Repeat the records below exactly, from the first line through the line containing "在苹果中国官网中搜索USB-C电源适配器发现,Macbook Pro 2021所配备的新款140W、67W", and leave out any pictures.

══════════════════════════════

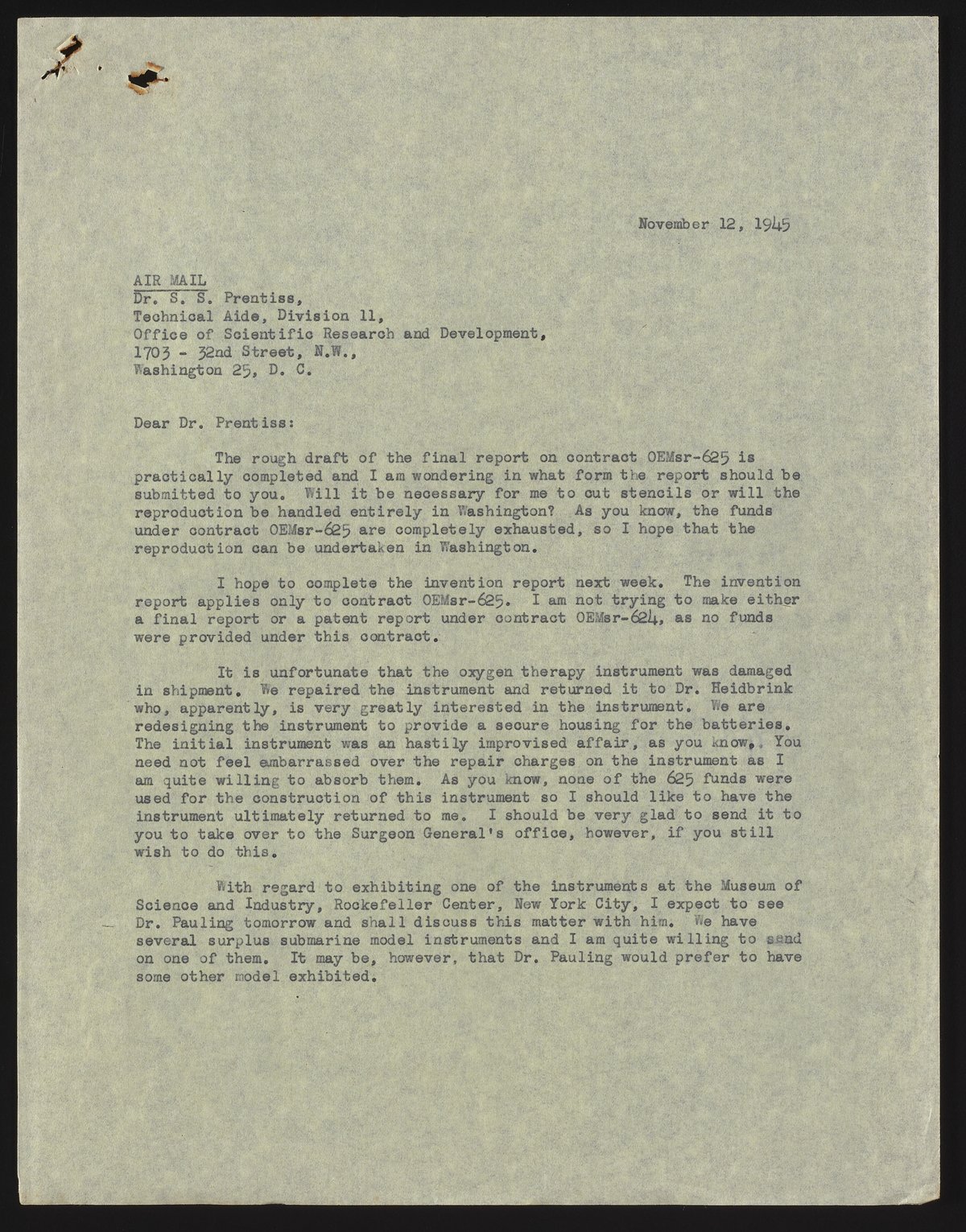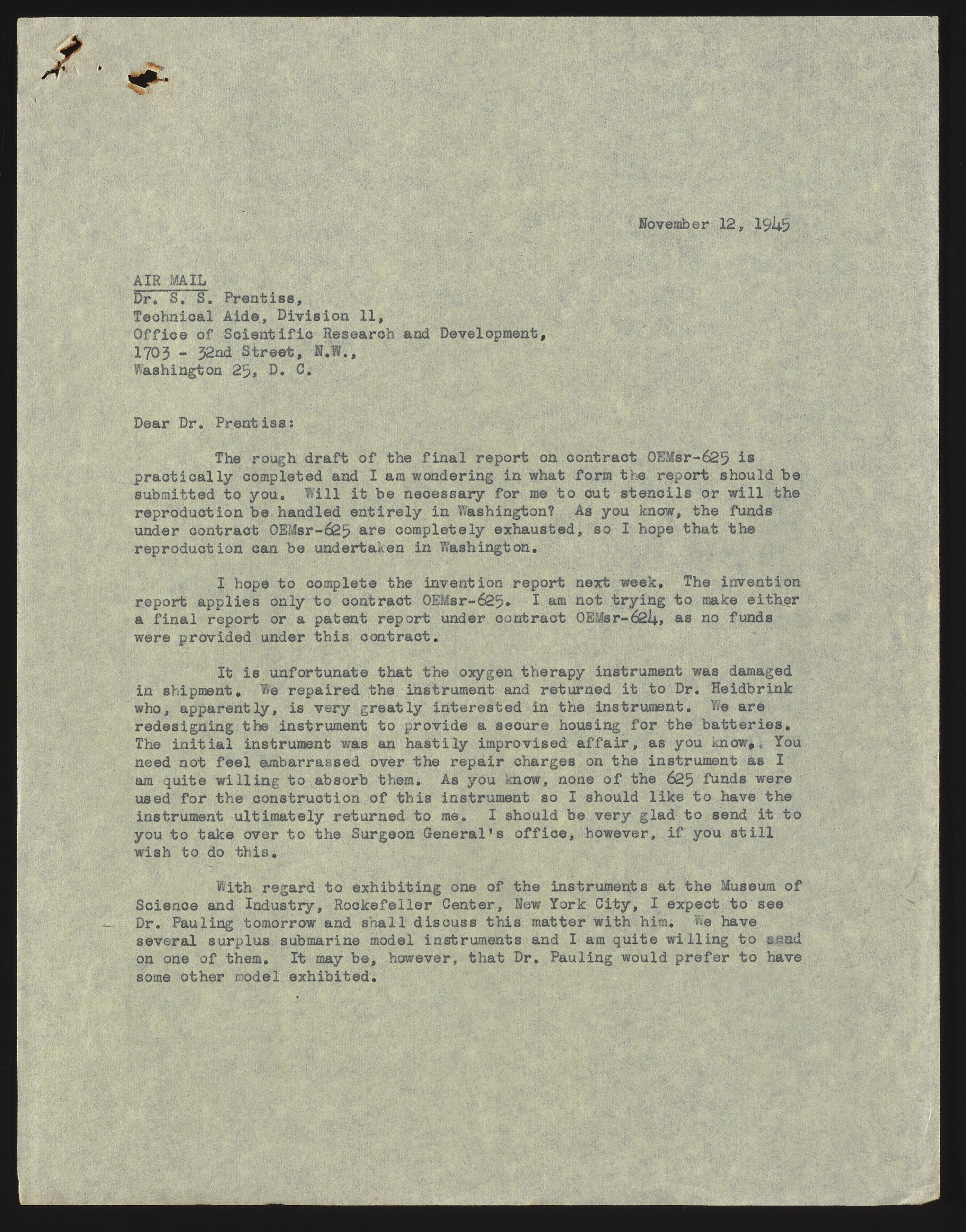 Arnold Beckman discusses the status of contract reports, an instrument damaged during shipment, and asks about Spencer Prentiss's post-war plans. He expects to consult with Linus Pauling to decide which instrument to exhibit at the Museum of Science and Industry.
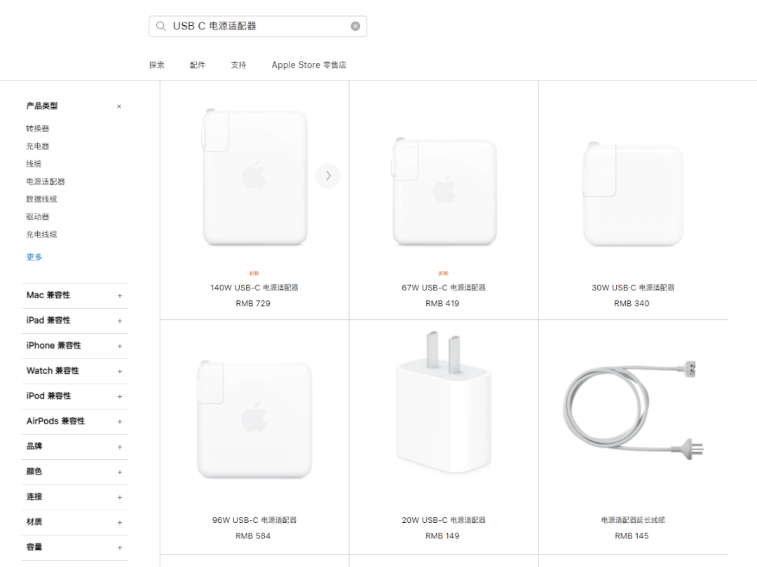 在苹果中国官网中搜索USB-C电源适配器发现,Macbook Pro 2021所配备的新款140W、67W USB-C PD快速充电器已经上架开售,目前苹果官网在售的USB-C PD快速充电器共有140W、96W、67W、30W、20W,而61W、18W已经下架不再销售。
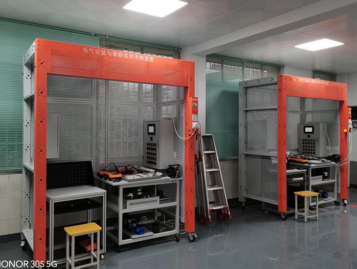 電氣安裝與維修實訓考核裝置是根據(jù)工廠電氣安裝和室內(nèi)電氣安裝等維修 電工和電氣安裝工實訓鑒定要求開發(fā)的一種通用實訓平臺。 適合于各類職業(yè)院校 和技工學校維修電工、 電氣安裝工、水電工等有電氣實訓要求的相關專業(yè)的作為 公共實訓平臺使用。 采用鋼制網(wǎng)孔板和鋼制專用型材組接而成,安裝有自鎖式腳輪,方便移動和使用。裝 置表面噴塑,色彩穩(wěn)重氣派。電氣安裝與維修實訓裝置設計高度以人站在一級人字梯即可方便操作的高度,既安 全又能使使用者感受到施工現(xiàn)場環(huán)境。 橫向、 叢向寬度合適, 可以模擬現(xiàn)場線路的轉向布置。
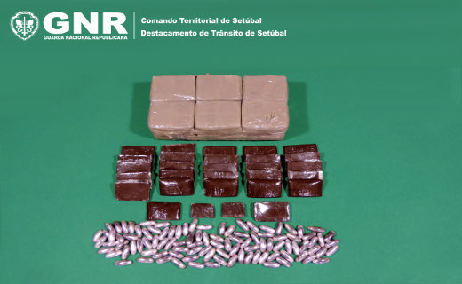 O Comando Territorial de Setúbal, através do Destacamento de Trânsito, apreendeu ontem, dia 4 de abril, 16,55 quilos de haxixe (equivalente a 33 100 doses), na A2 em Alcácer do Sal.
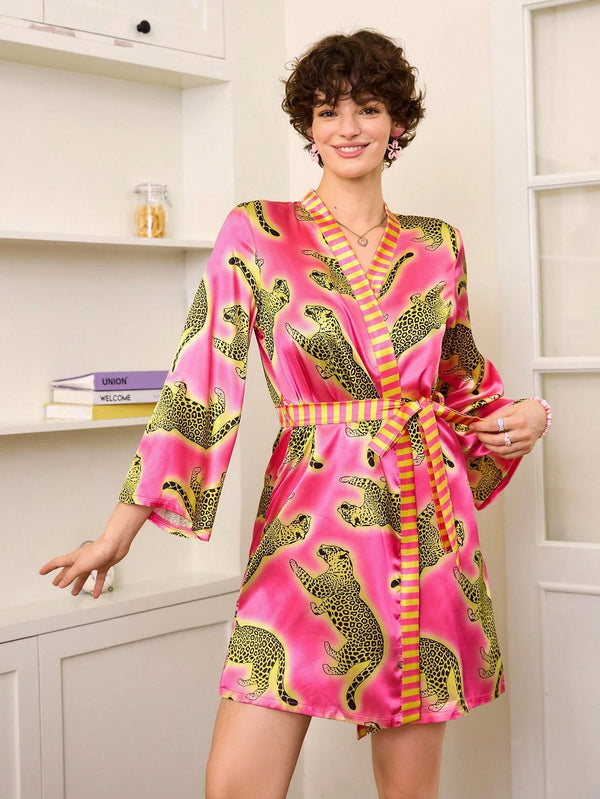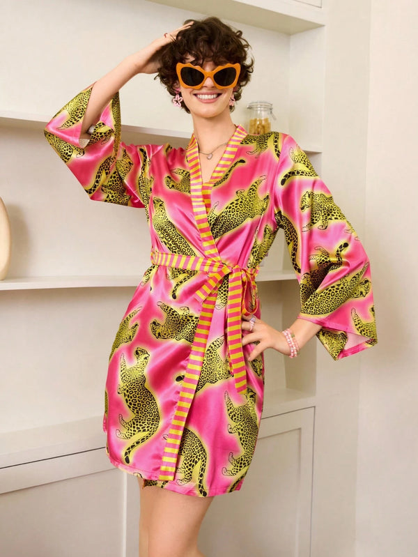 A statement of fearless femininity, this robe fuses audacious pink satin with prowling golden leopards β€” a vision of untamed luxury that feels as bold as it looks. The striped belt and trim flash a wink of mischief, grounding the wild print in tailored sophistication.

══════════════════════════════

● TASK SOLUTION:
 Arnold Beckman discusses the status of contract reports, an instrument damaged during shipment, and asks about Spencer Prentiss's post-war plans. He expects to consult with Linus Pauling to decide which instrument to exhibit at the Museum of Science and Industry.
 在苹果中国官网中搜索USB-C电源适配器发现,Macbook Pro 2021所配备的新款140W、67W USB-C PD快速充电器已经上架开售,目前苹果官网在售的USB-C PD快速充电器共有140W、96W、67W、30W、20W,而61W、18W已经下架不再销售。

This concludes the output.